··· MATERIAL FOR THIS TASK
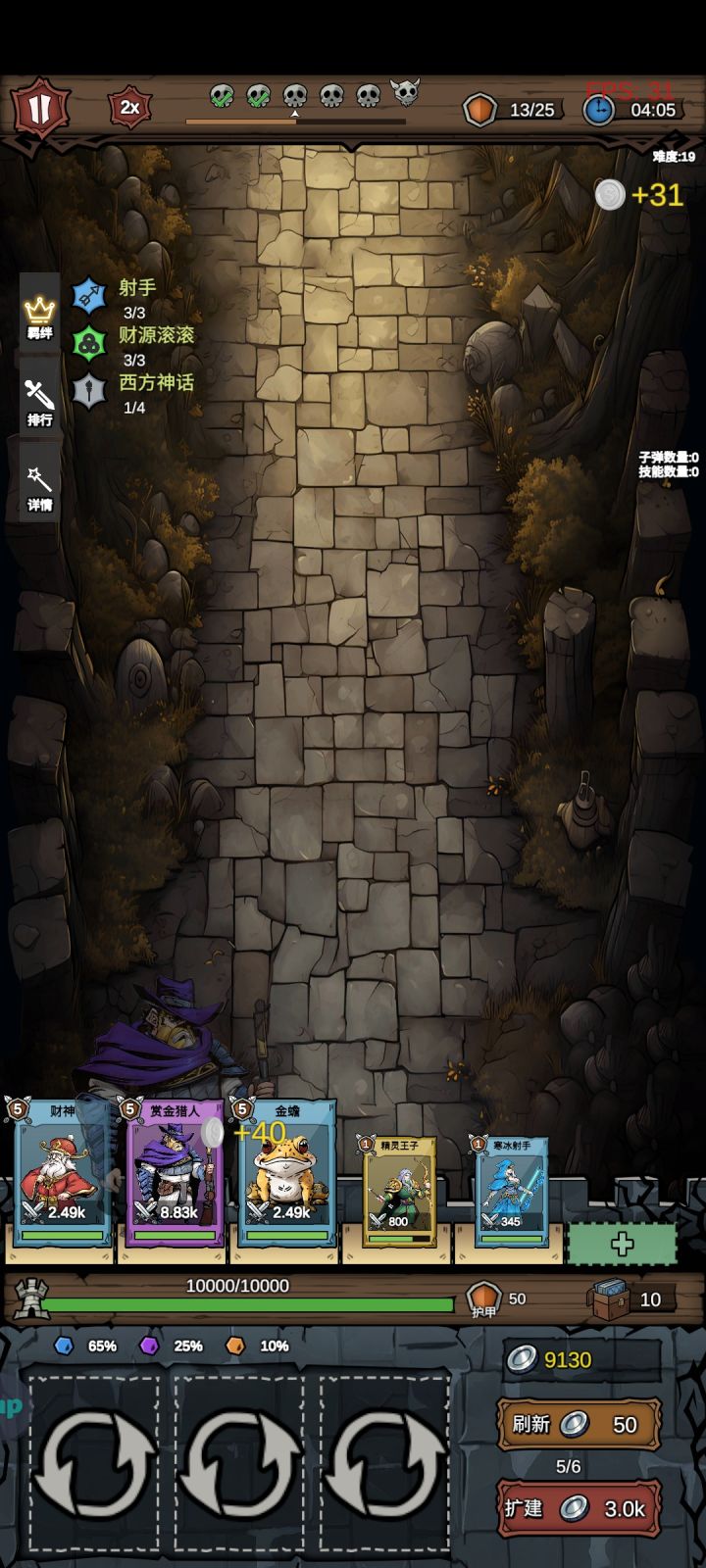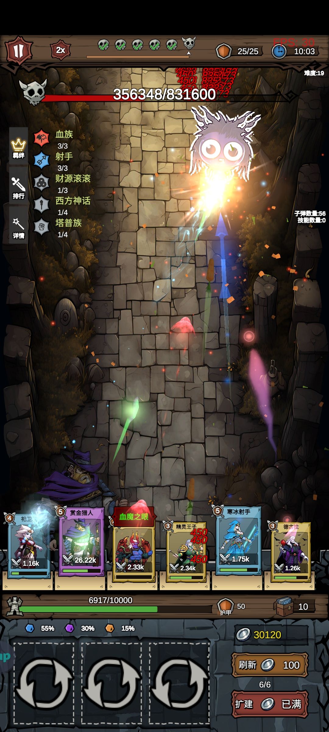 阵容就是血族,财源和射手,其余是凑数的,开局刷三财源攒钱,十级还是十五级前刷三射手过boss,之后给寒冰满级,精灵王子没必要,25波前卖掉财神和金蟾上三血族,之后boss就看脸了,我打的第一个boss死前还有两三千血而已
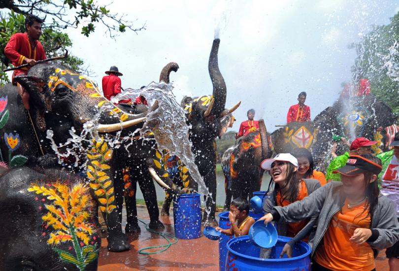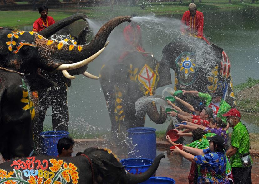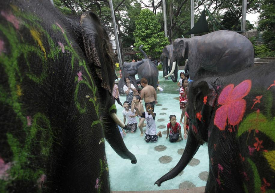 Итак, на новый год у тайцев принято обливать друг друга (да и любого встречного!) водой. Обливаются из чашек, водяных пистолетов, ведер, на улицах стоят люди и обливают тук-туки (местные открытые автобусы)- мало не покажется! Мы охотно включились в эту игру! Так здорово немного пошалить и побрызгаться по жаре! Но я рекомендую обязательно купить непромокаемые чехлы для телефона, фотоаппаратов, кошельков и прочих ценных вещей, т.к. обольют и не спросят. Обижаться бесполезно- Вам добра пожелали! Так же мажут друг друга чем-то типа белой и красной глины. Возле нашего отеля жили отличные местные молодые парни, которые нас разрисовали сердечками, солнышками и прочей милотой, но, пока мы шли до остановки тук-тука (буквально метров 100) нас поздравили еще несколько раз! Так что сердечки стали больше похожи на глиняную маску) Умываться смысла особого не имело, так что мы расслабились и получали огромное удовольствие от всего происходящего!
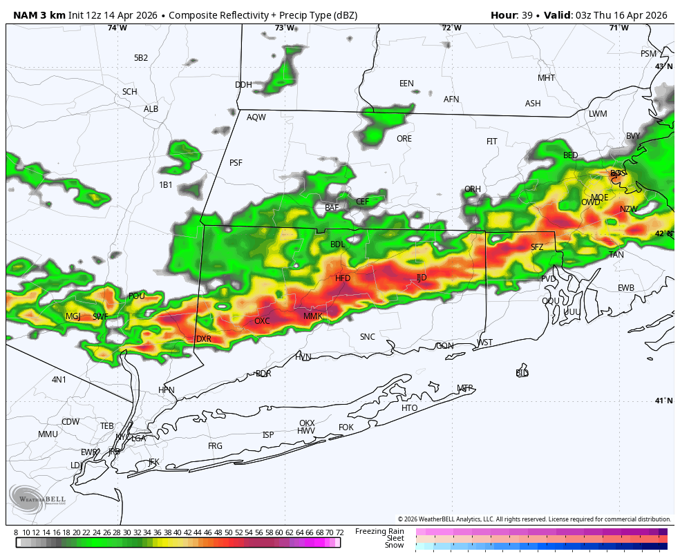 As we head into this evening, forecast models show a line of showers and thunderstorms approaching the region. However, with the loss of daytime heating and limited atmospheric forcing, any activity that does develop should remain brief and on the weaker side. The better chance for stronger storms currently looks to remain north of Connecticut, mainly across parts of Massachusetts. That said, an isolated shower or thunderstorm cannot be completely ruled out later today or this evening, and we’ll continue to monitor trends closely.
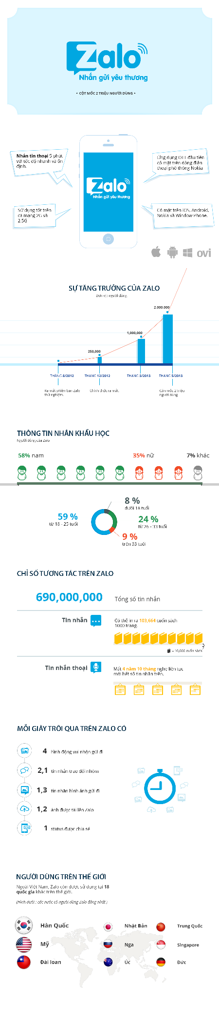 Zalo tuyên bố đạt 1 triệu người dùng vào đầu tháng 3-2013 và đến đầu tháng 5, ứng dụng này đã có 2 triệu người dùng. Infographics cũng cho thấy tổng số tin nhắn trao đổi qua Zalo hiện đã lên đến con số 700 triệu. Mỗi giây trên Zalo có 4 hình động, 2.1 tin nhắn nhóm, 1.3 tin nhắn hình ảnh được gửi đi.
······
··· MATERIAL FOR THIS TASK
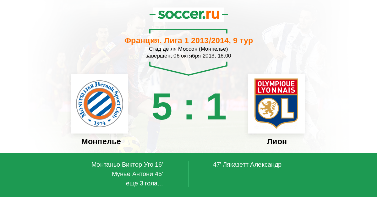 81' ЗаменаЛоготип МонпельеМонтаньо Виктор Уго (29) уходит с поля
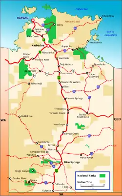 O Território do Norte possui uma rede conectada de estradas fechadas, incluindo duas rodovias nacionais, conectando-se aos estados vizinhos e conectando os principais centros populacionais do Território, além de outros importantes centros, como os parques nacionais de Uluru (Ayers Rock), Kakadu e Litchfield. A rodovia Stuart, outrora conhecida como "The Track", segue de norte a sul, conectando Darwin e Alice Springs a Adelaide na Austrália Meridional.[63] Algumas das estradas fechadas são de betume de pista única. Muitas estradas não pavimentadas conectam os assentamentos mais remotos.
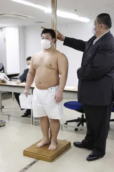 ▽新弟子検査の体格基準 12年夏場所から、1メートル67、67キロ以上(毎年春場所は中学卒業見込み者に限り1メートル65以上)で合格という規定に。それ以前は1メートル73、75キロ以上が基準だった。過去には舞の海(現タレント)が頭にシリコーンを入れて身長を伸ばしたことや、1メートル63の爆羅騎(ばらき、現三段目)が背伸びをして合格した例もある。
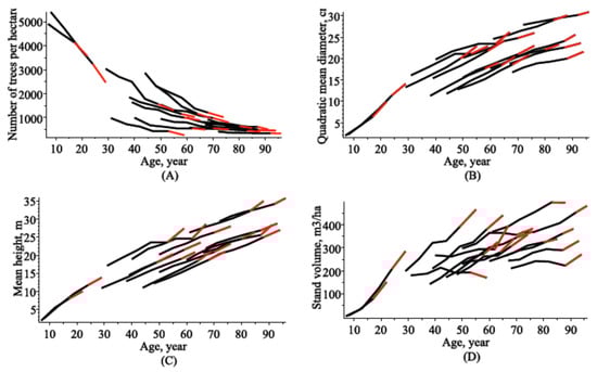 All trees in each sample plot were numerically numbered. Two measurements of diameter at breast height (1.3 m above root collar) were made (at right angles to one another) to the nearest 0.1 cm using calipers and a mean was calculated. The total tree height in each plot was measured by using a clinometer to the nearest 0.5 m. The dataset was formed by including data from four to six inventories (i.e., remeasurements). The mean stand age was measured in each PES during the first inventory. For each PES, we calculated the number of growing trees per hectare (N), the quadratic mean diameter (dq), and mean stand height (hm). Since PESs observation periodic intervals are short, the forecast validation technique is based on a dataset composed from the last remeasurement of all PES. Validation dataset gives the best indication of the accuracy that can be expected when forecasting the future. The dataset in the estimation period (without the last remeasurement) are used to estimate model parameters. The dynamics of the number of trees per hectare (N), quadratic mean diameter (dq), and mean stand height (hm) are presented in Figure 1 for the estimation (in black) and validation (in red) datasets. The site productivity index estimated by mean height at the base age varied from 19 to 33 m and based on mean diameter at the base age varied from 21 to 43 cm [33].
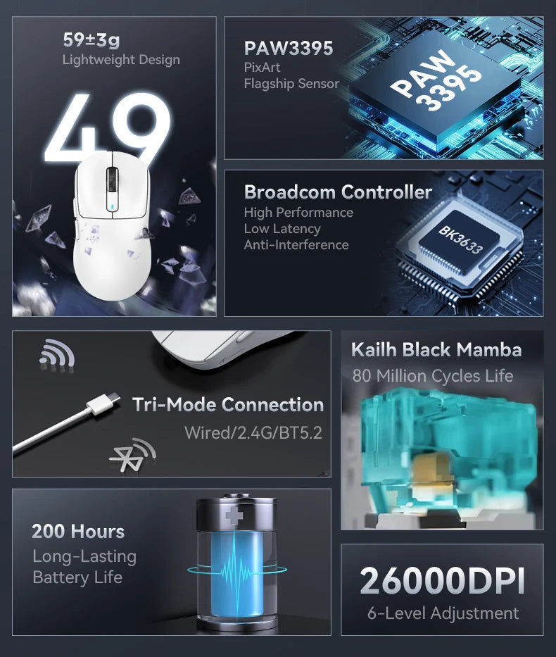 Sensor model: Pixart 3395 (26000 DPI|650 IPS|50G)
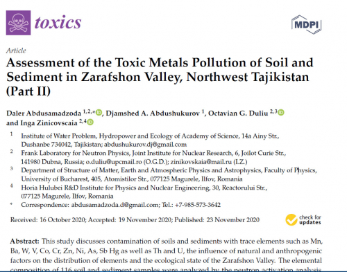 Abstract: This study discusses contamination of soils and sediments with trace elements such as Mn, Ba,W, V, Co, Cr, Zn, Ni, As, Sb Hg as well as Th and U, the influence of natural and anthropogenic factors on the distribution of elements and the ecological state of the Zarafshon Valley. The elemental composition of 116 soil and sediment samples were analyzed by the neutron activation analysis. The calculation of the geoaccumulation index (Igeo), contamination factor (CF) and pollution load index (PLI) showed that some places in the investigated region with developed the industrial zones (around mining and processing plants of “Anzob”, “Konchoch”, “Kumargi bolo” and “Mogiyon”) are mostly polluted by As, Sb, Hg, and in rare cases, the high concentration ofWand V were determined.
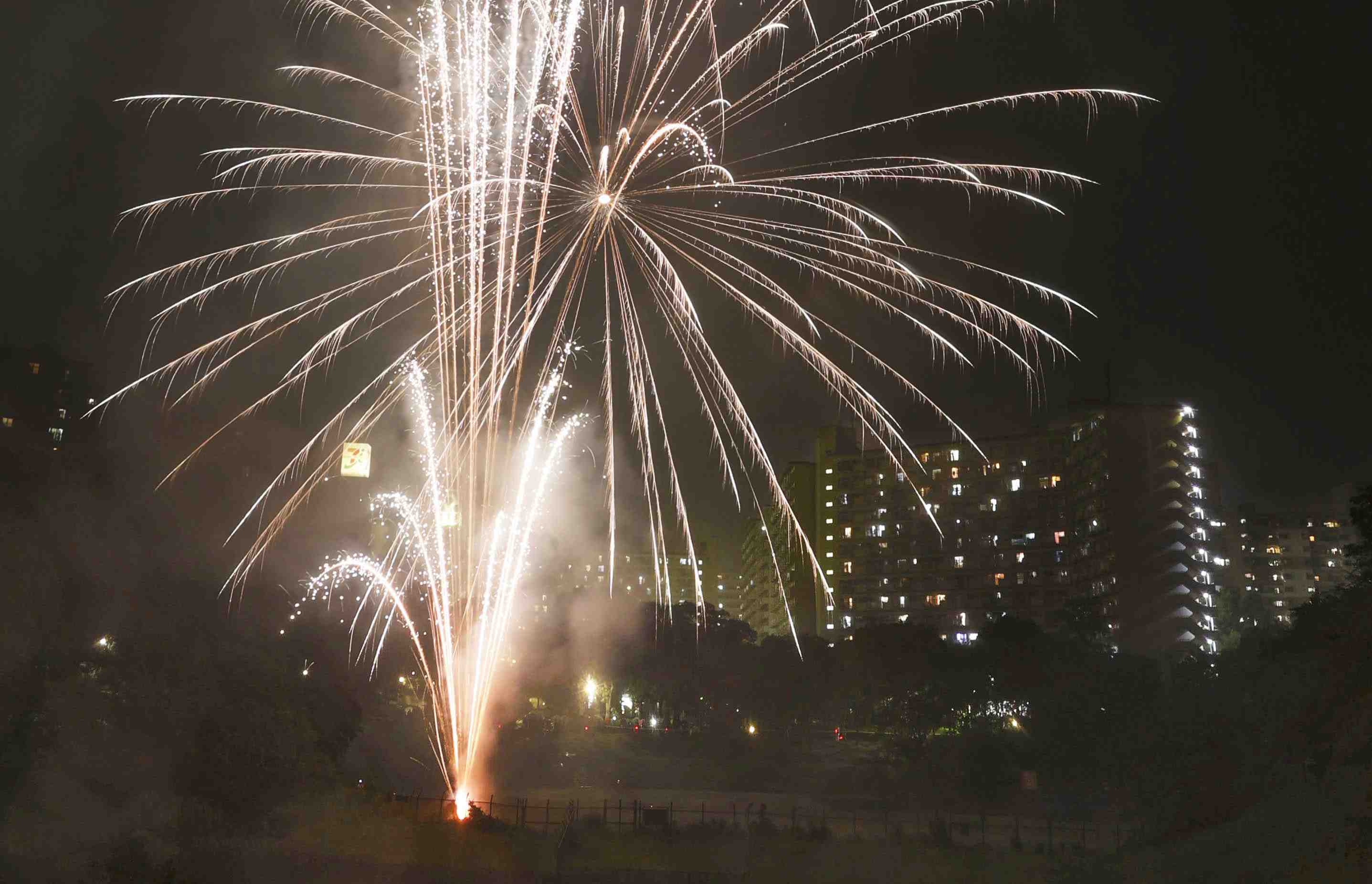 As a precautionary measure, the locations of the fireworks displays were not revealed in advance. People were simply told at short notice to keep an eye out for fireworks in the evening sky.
······
**YOUR GOAL**
Would you copy the lines above exactly, starting with the one that has "All trees in" and ending with the one that has "Sensor model: Pixart", both included, without the pictures?

**RESPONSE TO THIS EXERCISE**
 All trees in each sample plot were numerically numbered. Two measurements of diameter at breast height (1.3 m above root collar) were made (at right angles to one another) to the nearest 0.1 cm using calipers and a mean was calculated. The total tree height in each plot was measured by using a clinometer to the nearest 0.5 m. The dataset was formed by including data from four to six inventories (i.e., remeasurements). The mean stand age was measured in each PES during the first inventory. For each PES, we calculated the number of growing trees per hectare (N), the quadratic mean diameter (dq), and mean stand height (hm). Since PESs observation periodic intervals are short, the forecast validation technique is based on a dataset composed from the last remeasurement of all PES. Validation dataset gives the best indication of the accuracy that can be expected when forecasting the future. The dataset in the estimation period (without the last remeasurement) are used to estimate model parameters. The dynamics of the number of trees per hectare (N), quadratic mean diameter (dq), and mean stand height (hm) are presented in Figure 1 for the estimation (in black) and validation (in red) datasets. The site productivity index estimated by mean height at the base age varied from 19 to 33 m and based on mean diameter at the base age varied from 21 to 43 cm [33].
 Sensor model: Pixart 3395 (26000 DPI|650 IPS|50G)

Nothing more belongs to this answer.